The message that dawned on the world this week is that the fashion industry
can never be reduced to have a zero environmental impact. Complicated
supply chains, the majority of which are separate entities in different
countries and continents who adhere to local laws and regulations, can
never be 100 percent impact free.

It is impossible for fashion to have a zero impact

The demonstrations we saw this week from Brussels to San Francisco to the
Pacific Islands, saw 185 countries participate to demand global action to
cut greenhouse emissions and stabilize the climate. But rarely do
protestors march outside the very companies in the supply chain funnel that
leave the largest footprint, like dye houses, or warehouses storing ten of
thousands of units of unsold stock. Of course parent companies bare the
ultimately responsibility, but brands and retailers will address problem
areas if consumers call them out and highlight the best practises they are
preaching are not so green.

The good thing is that fashion conglomerates continue to be scrutinized but
radical transparency is yet to unfold across the sector and for many it
remains business as usual with ramped up marketing efforts to align with
the global sustainability conversation.

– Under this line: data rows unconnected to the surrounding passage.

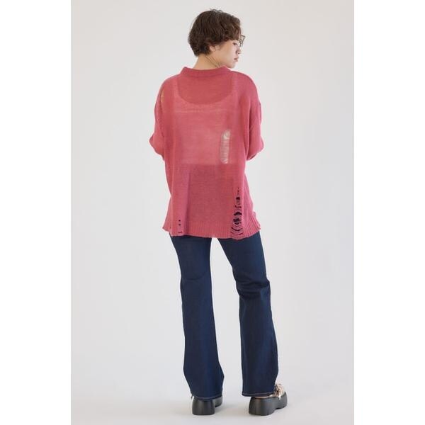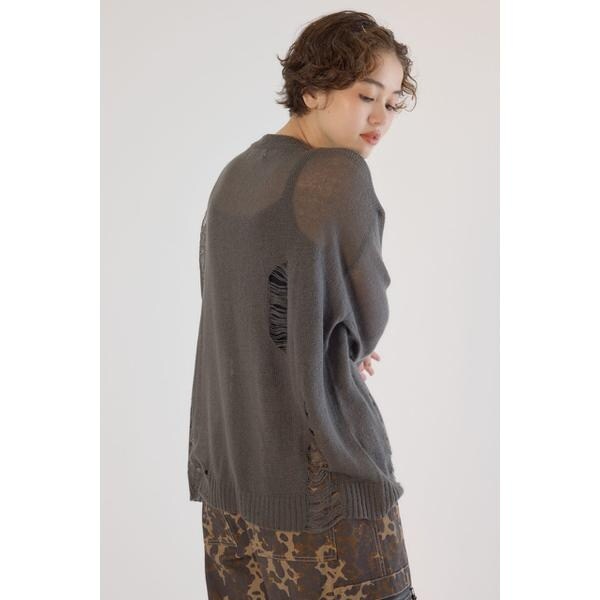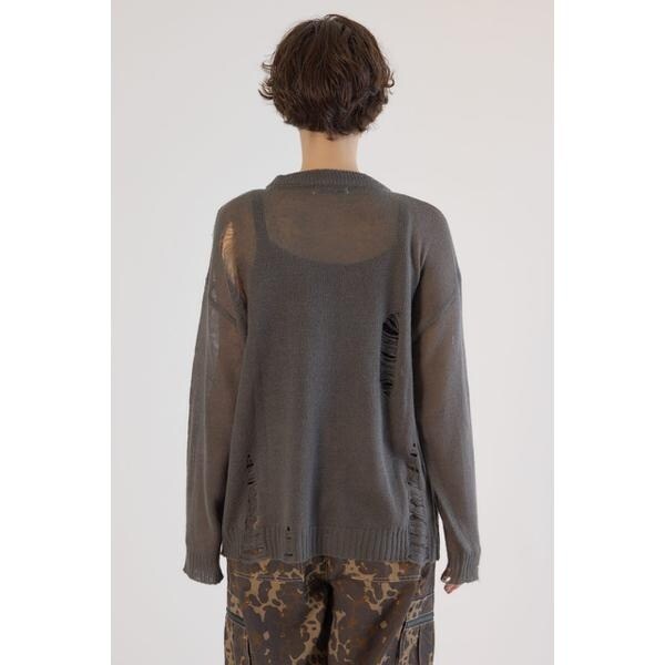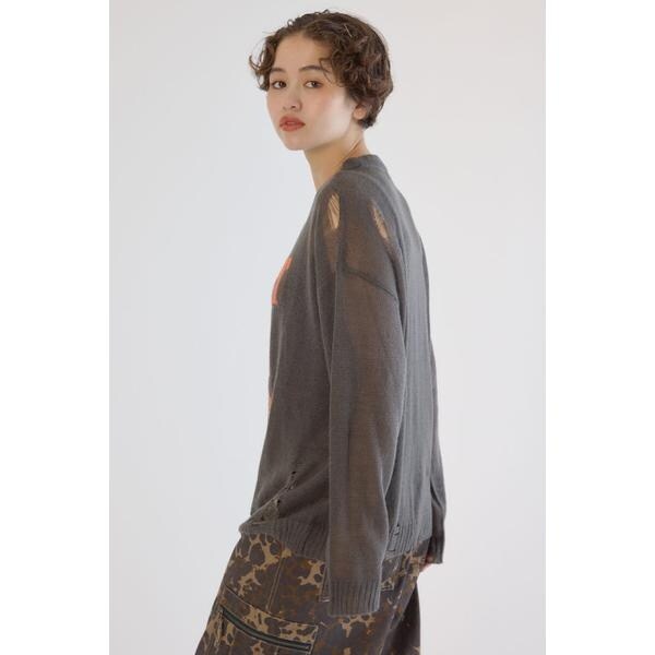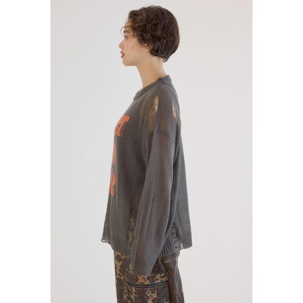 ■ポイントメッセージの配色がポイントで大胆なダメージを加え、エッジを効かせたデザインのニット。■ディテールニットの編み方でダメージ風に見えるように表現。■スタイリングシンプルなコーディネートにはもちろん、グランジスタイルにもおすすめ。タンクトップやキャミソールをインナーに着用し、カーゴパンツやデニムパンツはもちろん、ショート丈のボトムスと合わせるのもおすすめです。■生地モヘヤタッチのアクリル100%の素材を使い、 ほどよい柔らかさと秋冬らしい起毛感を表現。ダメージ加工がはいっていますので、引っかかりには、十分注意して、着脱も取り扱いください。ダメージ加工も1点1点、個体差は生じます。ご了承ください。■透け感:ややあり■裏 地:あり■伸縮性:ややあり■光沢感:なし[注意事項]※画像の商品はサンプルです。実際の商品と仕様、加工が若干異なる場合があります。※画像の商品は光の照射や角度、お使いのモニター環境により、実物と色味が異なる場合がございます。※着用、お取り扱いの際は、アテンションタグをご確認ください。
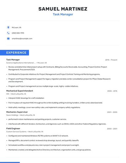 Build a professional task manager resume in minutes. Browse through our resume examples to identify the best way to word your resume. Then choose from 5+ resume templates to create your task manager resume.
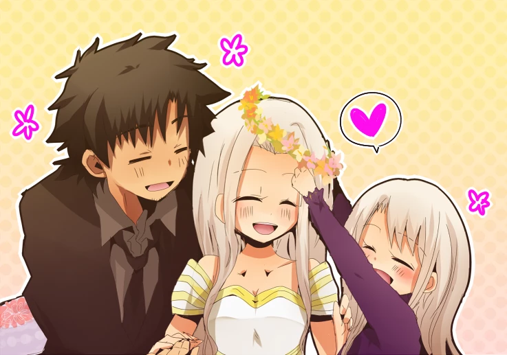 宁愿背负世界一切恶名,从不解释,孤独且悲伤的男人——卫宫切嗣。最后放一张同人图,也就只有在那里,他们一家人才有温馨的一刻。
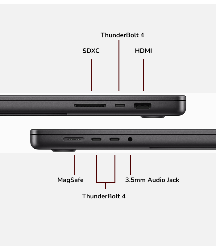 MagSafe 3 port and USB-C (Thunderbolt 4) |
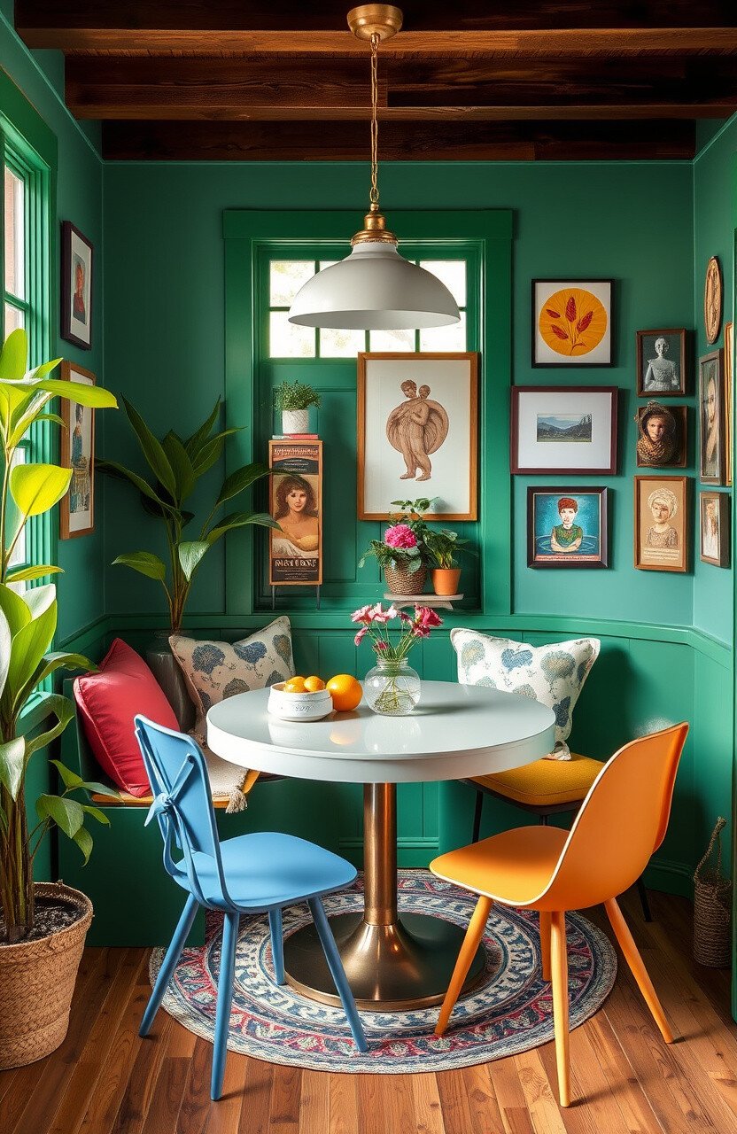Mix and match styles and eras for an eclectic, vibrant nook. It’s a playful way to start your day.
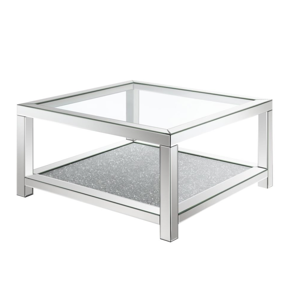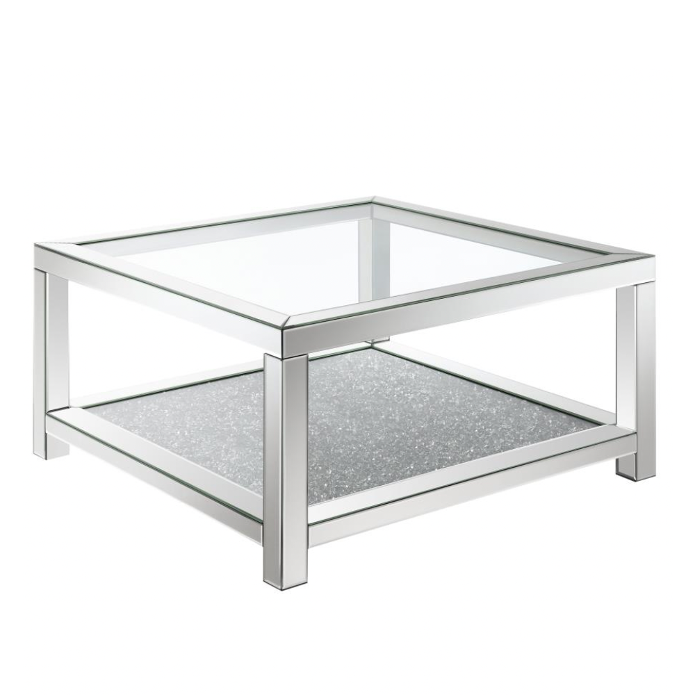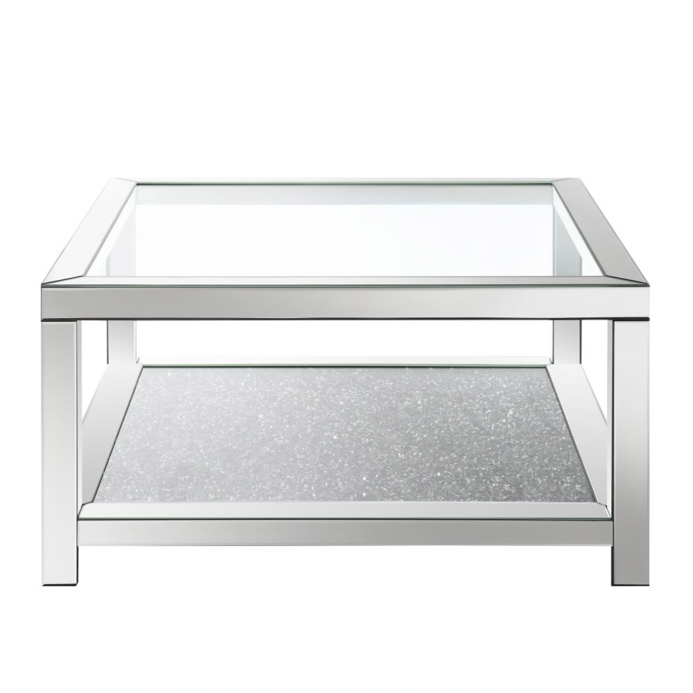 Make a dazzling statement in your living space with this glam mirrored coffee table, radiating Hollywood Regency style. Featuring a beveled mirror trim, clear tempered glass top, and an acrylic jewel-encrusted shelf, it adds sparkle and sophistication. Its open design and mirrored accents elevate any glamorous or contemporary interior.
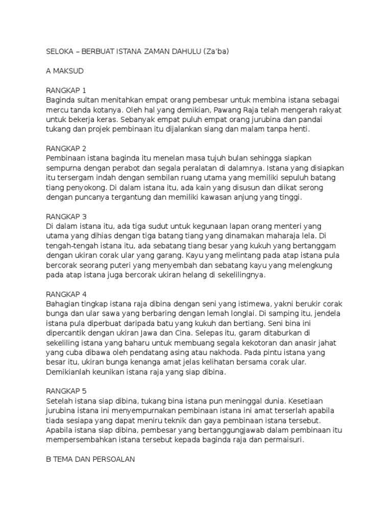 SELOKA BERBUAT ISTANA ZAMAN DAHULU Zaba A MAKSUD RANGKAP 1 Baginda sultan menitahkan empat orang pembesar untuk membina istana sebagai mercu tanda kotanya. Seloka tradisional BERBUAT ISTANA ZAMAN DAHULU ZABA DISEDIAKAN OLEH. Oleh hal yang demikian Pawang Raja telah mengerah rakyat untuk bekerja keras.
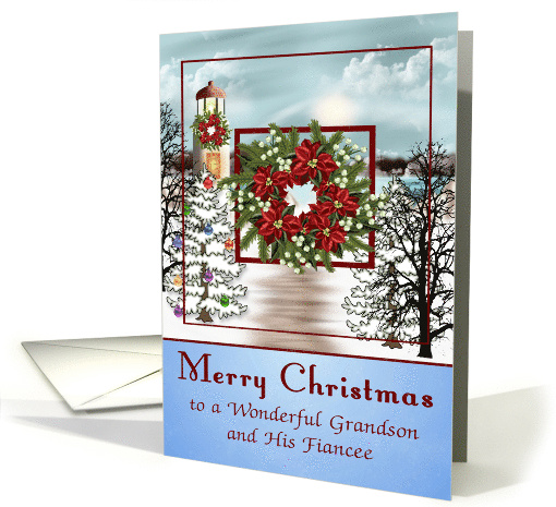 Fun facts: The traditional idea of a Christmas wreath has become a popular Christmas decoration and they started being hung on doors by the 1900s, and are now commonly found on doors. The making of Christmas wreaths is a common Christmas craft activity and the base can be made from wire, styrofoam, cane or other material, and other supplies can include fabric. Wish your wonderful grandson and his fiancée a Merry Christmas with a card featuring a lighthouse scene with snow, a Christmas Tree, icy water and mountains against a beautiful blue sky. Design is framed in burgundy lines with snowflakes and burgundy text. Design by Laurie Schneider, elements by Digital Designs by Elena, Diana'z Designz.
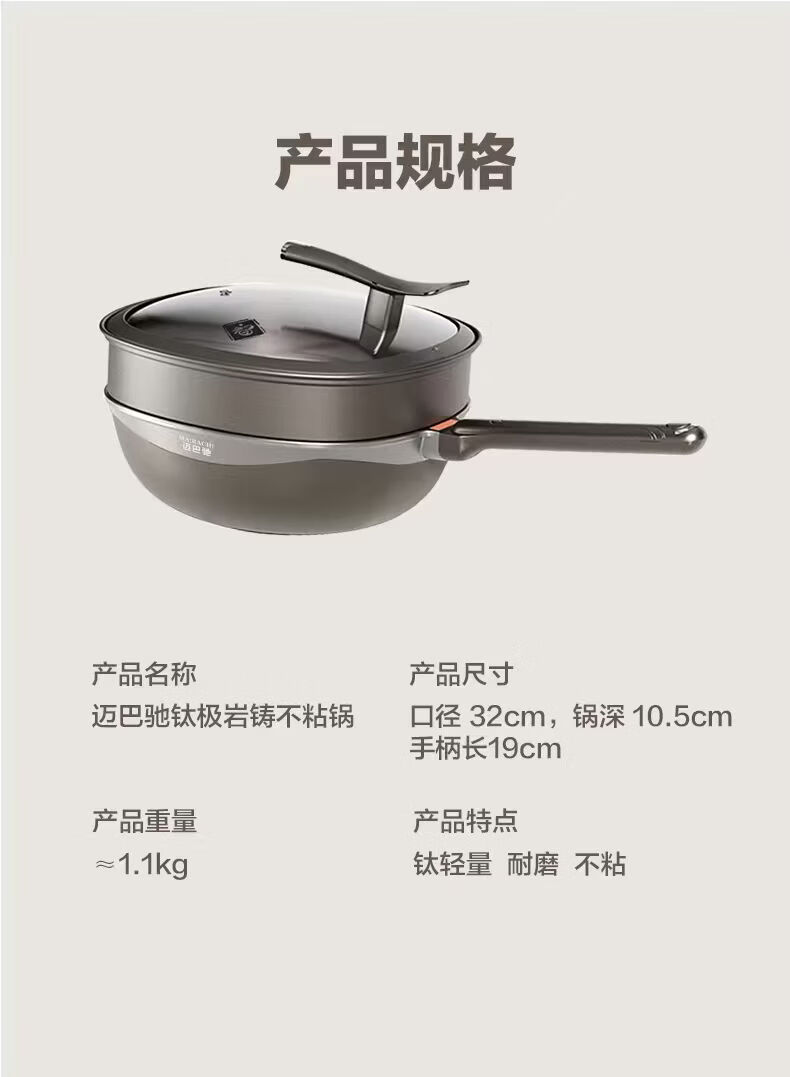 迈巴驰【升级款】极岩铸不粘锅电磁炉锅炒锅无涂层炒菜锅电磁炉燃气灶 【迈巴驰】全新升级款轻奢炒锅 32cm
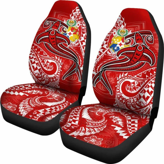 Tonga Car Seat Covers - Red Shark Polynesian Tattoo -

Steps towards winning back consumer
trust as they increasingly research a brand’s background information before
buying, is a step in the right direction.

But it takes a lot more for a brand to make a viable difference to climate
change than listing the factory its goods are made in and country of origin
on its sku’s, without tackling the harder question if its products are made
with fair labour practices, sustainable sourcing of fabrics and trims and
the environmental footprint it leaves.

The most powerful sustainability voice is that of the shopper’s wallet.
Where you choose to spend and not spend will have the biggest impact of all.